We do their human dignity no favours when we reduce them to a dollar sign. Its repugnant.
I mean, excuse my bluntness, but if America can afford to bomb all kinds of snot out of the Arabs you can Hoover afford health care for your citizens, at least the most basic. Heck, how about getting rid of some of those weapons of mass destruction, I bet if you got rid of what, maybe 1000 nukes you’d be able to fund a fair few hip replacements and get a few chubby kids back on the track of good health.
Vera, ponder more of the problems you experience in your line of work and I think you’ll agree with me more. Because people tend to think of health care as a “right” they undervalue YOU as a health care practitioner. After all, it is their RIGHT to be treated for what goes wrong. Adequately funding the program, well, THAT’S optional, right?
Health care, housing and education are NOT inherent human rights. As a civil society, we have made a choice to provide these things (at a certain level) to all, but it should still be presented as society presenting people with a PRIVILEDGE, not a right. People appreciate it when they are given priviledges, but take rights for granted.
Actually, according to the teaching of the Catholic Church, they are. Of course, don’t take my word for it. Check the Compendium of the Social Doctrine of the Church.
Can you be more specific as to location? I’m of course open to learning, but it’ll take me forever to respond to this post if I need to read the whole thing first!
Paragraph 166, for starters.
You are correct. Here is the relevant paragraph from that document:
- The demands of the common good are dependent on the social conditions of each historical period and are strictly connected to respect for and the integral promotion of the person and his fundamental rights. These demands concern above all the commitment to peace, the organization of the State’s powers, a sound juridical system, the protection of the environment, and the provision of essential services to all, some of which are at the same time human rights: food, housing, work, education and access to culture, transportation, basic health care, the freedom of communication and expression, and the protection of religious freedom. Nor must one forget the contribution that every nation is required in duty to make towards a true worldwide cooperation for the common good of the whole of humanity and for future generations also.

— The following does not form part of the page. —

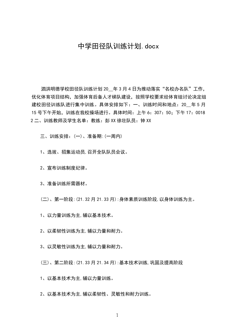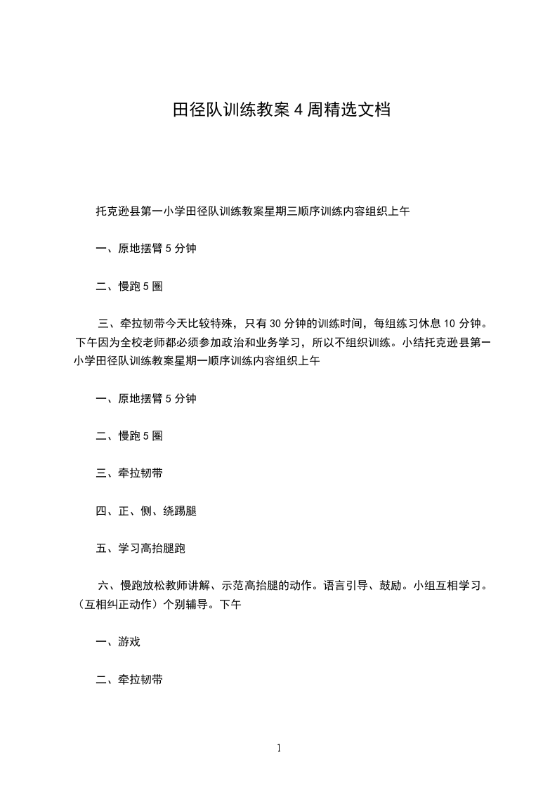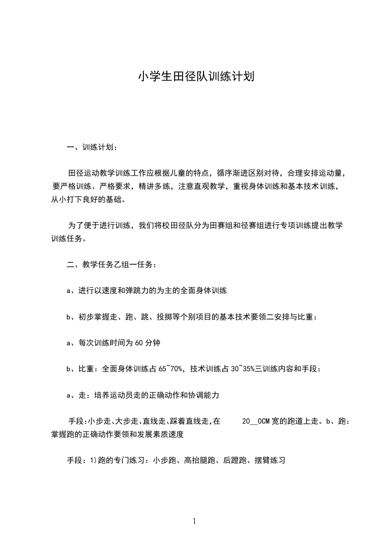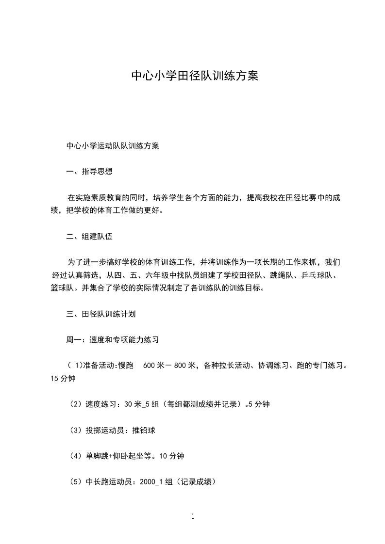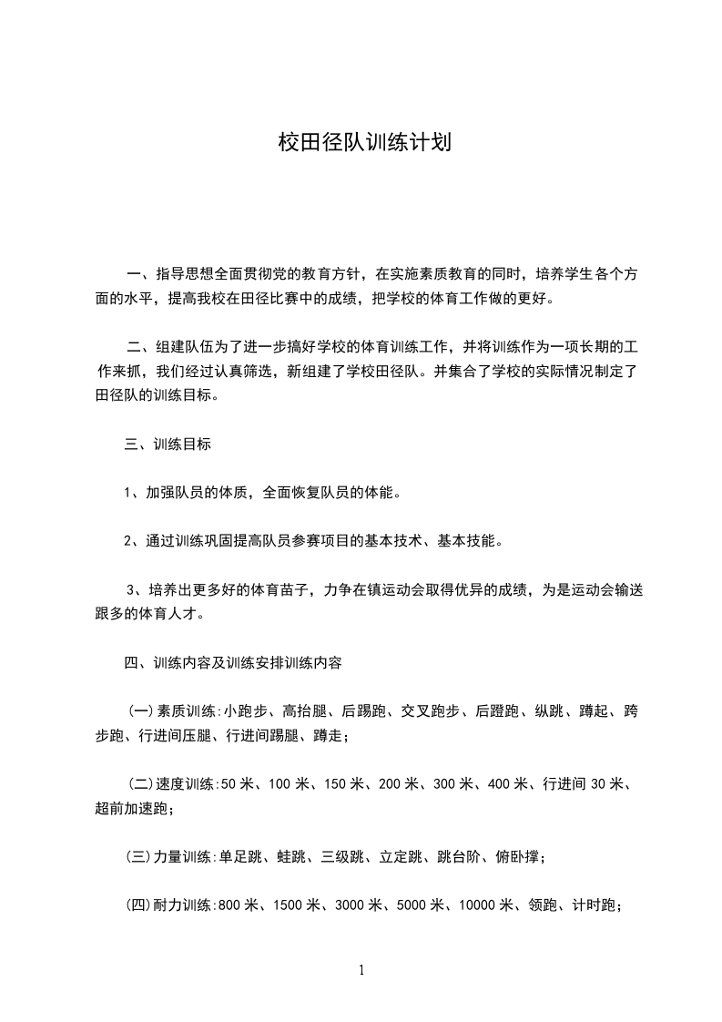 古北口中学学校田径队周训练计划

The whole thing is available here:
Also, Gaudium et Spes, 26.
Actually, this is wrong. The Compendium of the Social Doctrine of the Church, in paragraph 301 speaks of the right of workers “to insurance for old age, sickness, and in case of work-related accidents…”

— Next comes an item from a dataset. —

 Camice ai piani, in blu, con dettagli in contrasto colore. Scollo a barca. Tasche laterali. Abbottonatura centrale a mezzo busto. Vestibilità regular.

Ah, steal my thunder. The compendium appears to be based on paragraph 26 of Gaudium et Spes. That original version speaks of both “rights and duties” whereas the compendium strikes that to just ‘rights.’
I remain concerned that framing this in terms of everyone having a ‘right’ to the fruit of the labor of others demeans the dignity of those doing the work of PROVIDING said ‘rights’, but I will ponder it. At the very least, the compendium seems less balanced in language than the council paragraph.

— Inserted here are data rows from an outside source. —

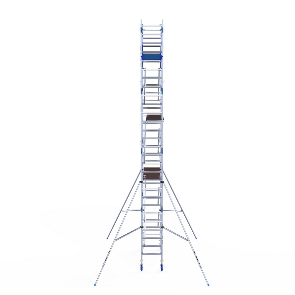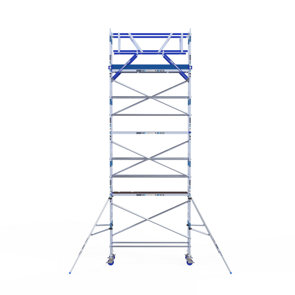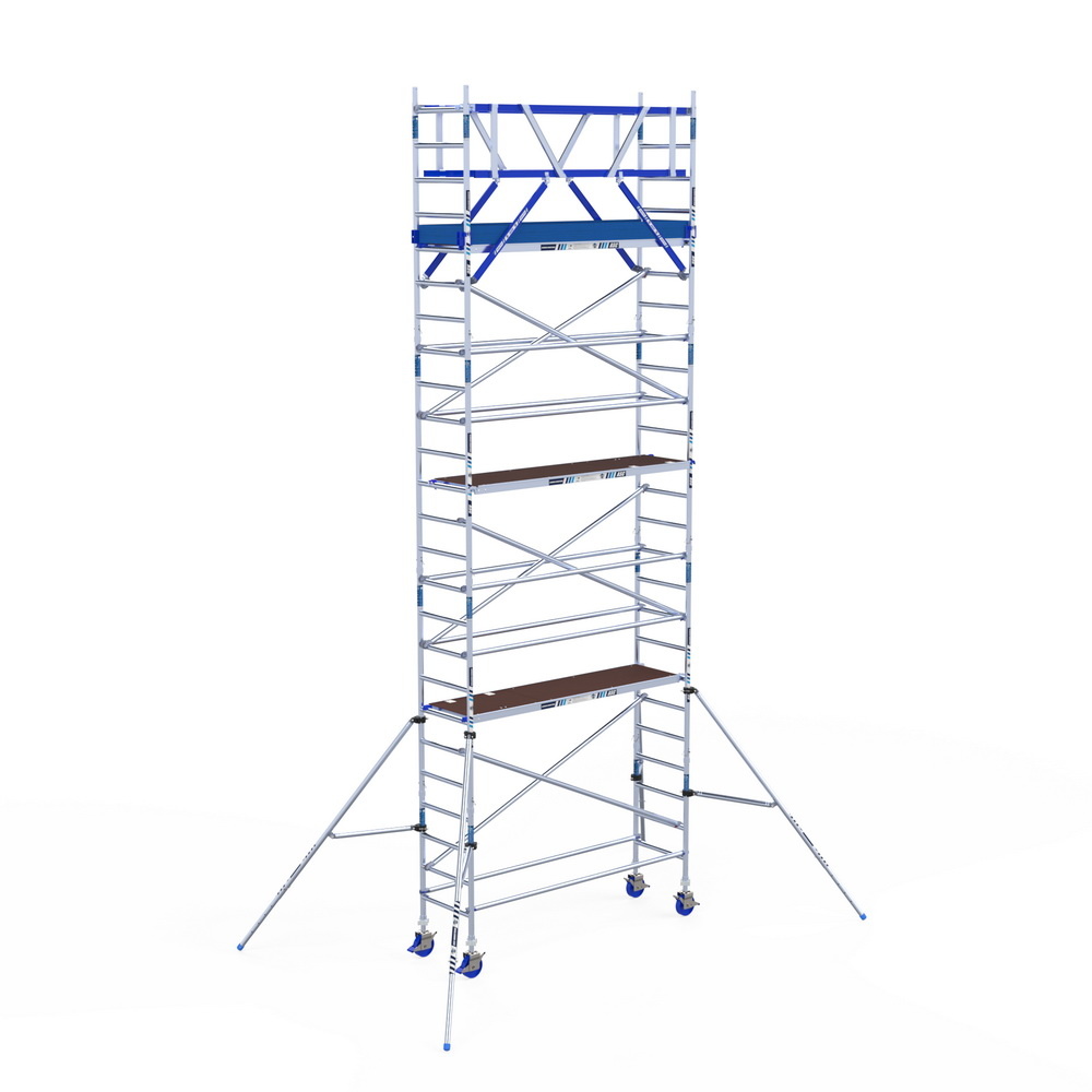 Kies de juiste werkhoogte voor uw rolsteiger. Werkhoogte wordt als volgt berekend: de hoogte van het hoogste platform plus de gemiddelde hoogte van de handen als een persoon met omhoog gestrekte armen werkt (hiervoor rekenen we 2 meter). De formule om de werkhoogte te berekenen is dus: platformhoogte + 2 meter.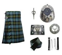 Men's Scottish Heritage Kilt Set Anderson Modern kilt Stag Head Sporran, Chain, Belt, Buckle, Brooch & Pin (30" Inches Naval Waist)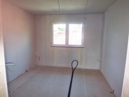 Wohn-Esszimmer sowie die drei Schlafzimmer bekommen einen hellgrauen Laminatboden.Der Flur sowie das Badezimmer werden einheitlich in grau gefliest.
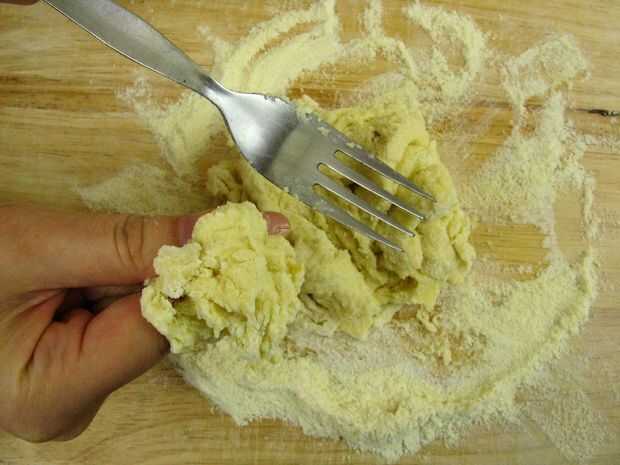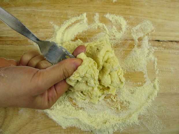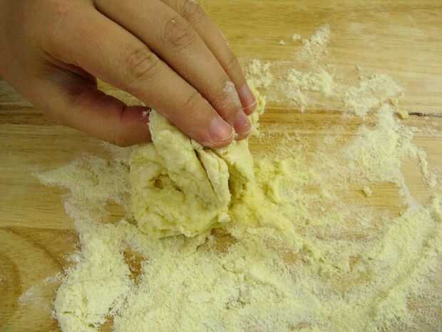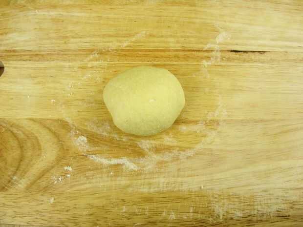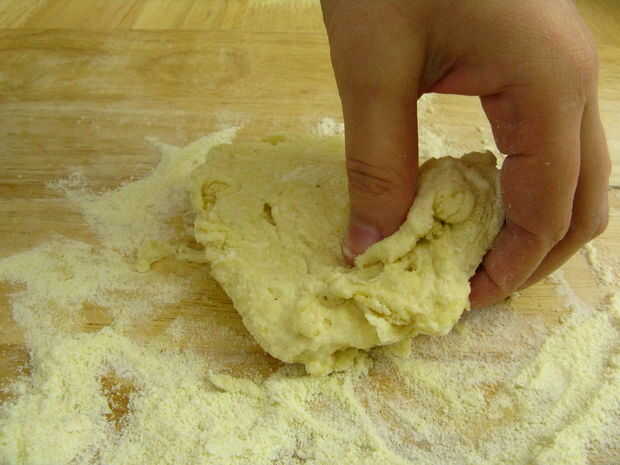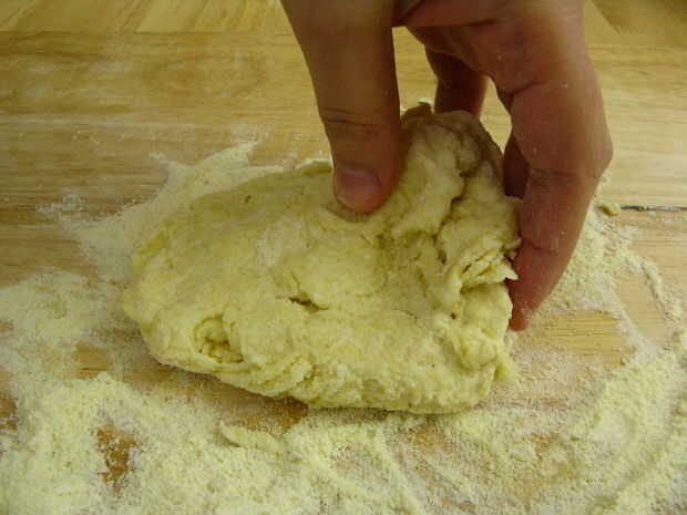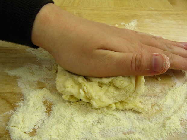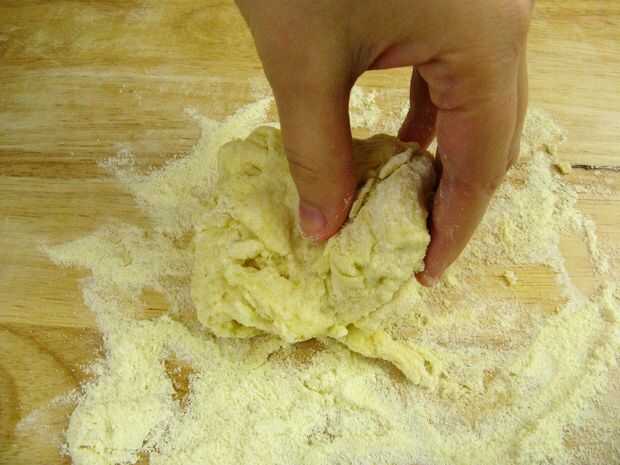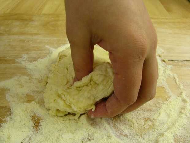 Probablemente habrá algún exceso de harina. Trabajo en la harina hasta que la mayoría (si no todos) de se ha incorporado en la masa.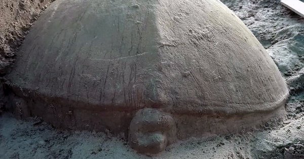 柬埔寨考古学家在吴哥神庙遗址中,意外挖出一个古老乌龟石像,已有1千多年的历史,有趣的是,龟壳上面并没有任何雕刻...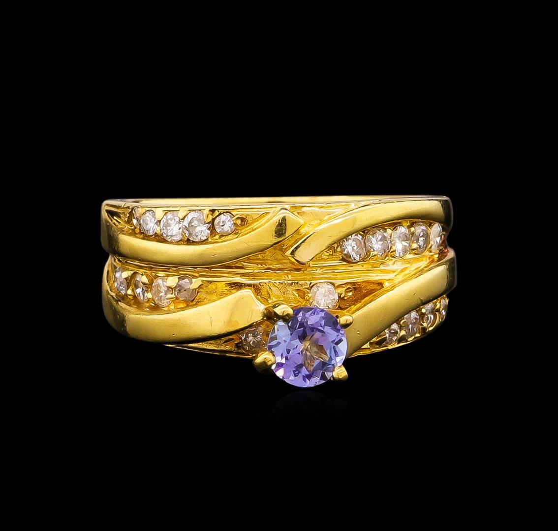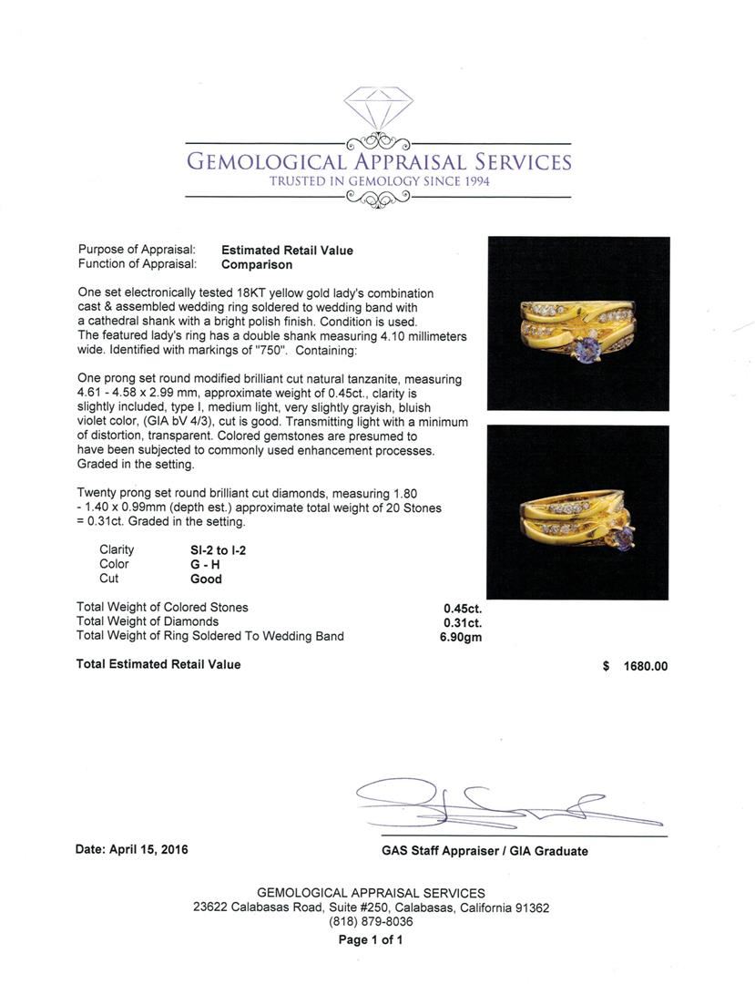 One set electronically tested 18KT yellow gold lady's combination cast & assembled wedding ring soldered to wedding band with a cathedral shank with a bright polish finish. The featured lady's ring has a double shank measuring 4.10 millimeters wide. Identified with markings of "750". Condition is used. Containing: One prong set round modified brilliant cut natural tanzanite, measuring 4.61 - 4.58 x 2.99 mm, approximate weight of 0.45ct., clarity is slightly included, type I, medium light, very slightly grayish, bluish violet color, (GIA bV 4/3), cut is good. Transmitting light with a minimum of distortion, transparent. Colored gemstones are presumed to have been subjected to commonly used enhancement processes. Graded in the setting. Twenty prong set round brilliant cut diamonds, measuring 1.80 - 1.40 x 0.99mm (depth est.) approximate total weight of 20 Stones = 0.31ct. Graded in the setting. Clarity: SI-2 to I-2. Color: G - Good. Total Weight of Colored Stones 0.45ct. Total Weight of Diamonds 0.31ct. Total Weight of Ring Soldered To Wedding Band 6.90gm. GAS Appraised at $1,680.00.

Well, we all, conservatives, liberals, and moderates will find that we can’t count on the social teaching of the Church always to underwrite our views. On the other hand, before you get upset, Catholic social teaching strongly affirms the responsibility of EVERYONE to contribute to the common good. Not just the state, not just the wealthy, not just the middle class, but EVERYONE. Futhermore, while I don’t have the time right now to find the exact reference, I distinctly remember reading in a Church document that the normal means by which one secures the right to health care is through one’s own work. The Church, so far as I understand, does not endorse a particular method for ensuring that access to health care is available; but she most certainly does teach that health care is a right, and that the state has an obligation to ensure this right (but again, the exact means are not dictated).